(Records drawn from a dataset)
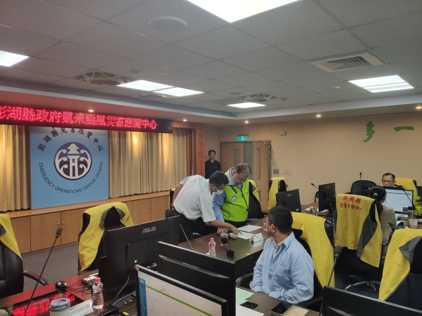陳光復指出,每次颱風來襲,應變中心的值勤同仁24小時不分晝夜輪班值勤,他表示感謝,尤其第一線的防救災人員更是辛苦,提醒前往處理各項事故時,務必要注意自身安全。
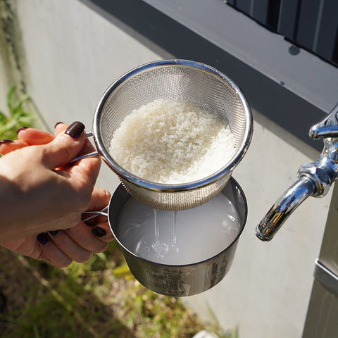 材料やめん類の水切りやスープこしなどに。パッキングに最適なスタッキング構造。使い勝手のよいサイズでシェラカップ深型600mlにピッタリ収まります。
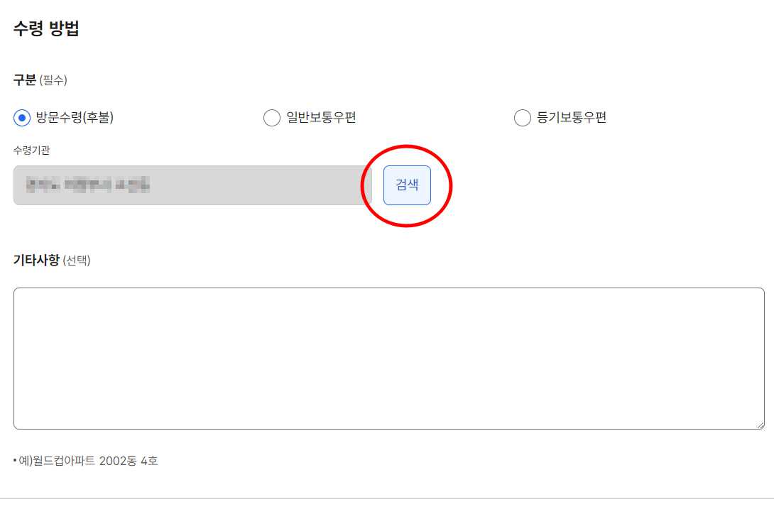 우편으로 받는 방법이나 방문수령 후불을 선택합니다.
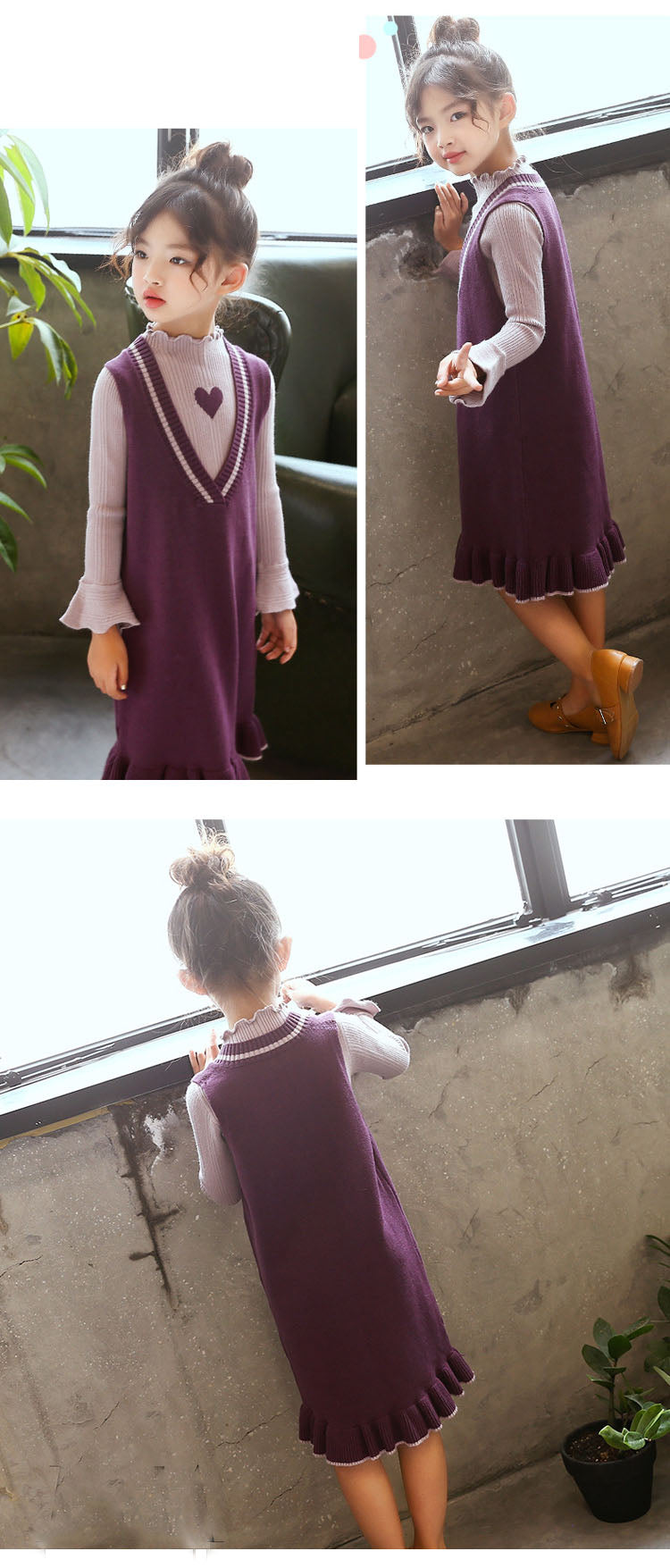 AO0519-53 فستان خريفي شتوي بناتي صوف دافي وناعم قطعتين
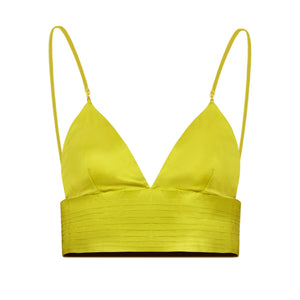 Crafted from pleated silk charmeuse, the Oasis Crop Top offers a luminous drape and flattering fit—perfect for beach brunches, getaways, or sunset dinners.
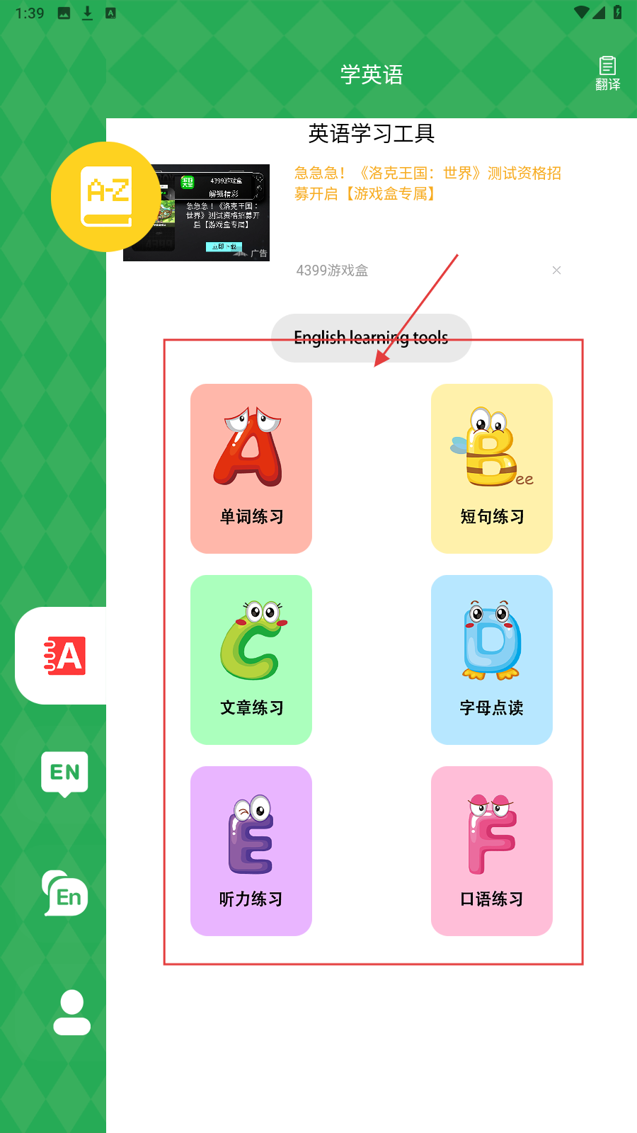 1、进入【学英语】页,选【单词练习】【短句练习】等工具,开启对应英语学习。
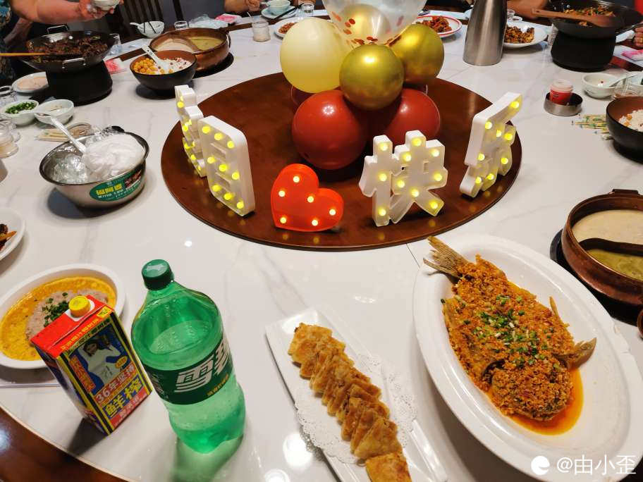 炒鸡大的一张桌子,氛围感拉满。

Task to complete:
Return the line containing "AO0519-53 فستان خريفي" and every line after it through the end of the records above, exactly and nothing else, but not the pictures.

Completed task:
 AO0519-53 فستان خريفي شتوي بناتي صوف دافي وناعم قطعتين
 Crafted from pleated silk charmeuse, the Oasis Crop Top offers a luminous drape and flattering fit—perfect for beach brunches, getaways, or sunset dinners.
 1、进入【学英语】页,选【单词练习】【短句练习】等工具,开启对应英语学习。
 炒鸡大的一张桌子,氛围感拉满。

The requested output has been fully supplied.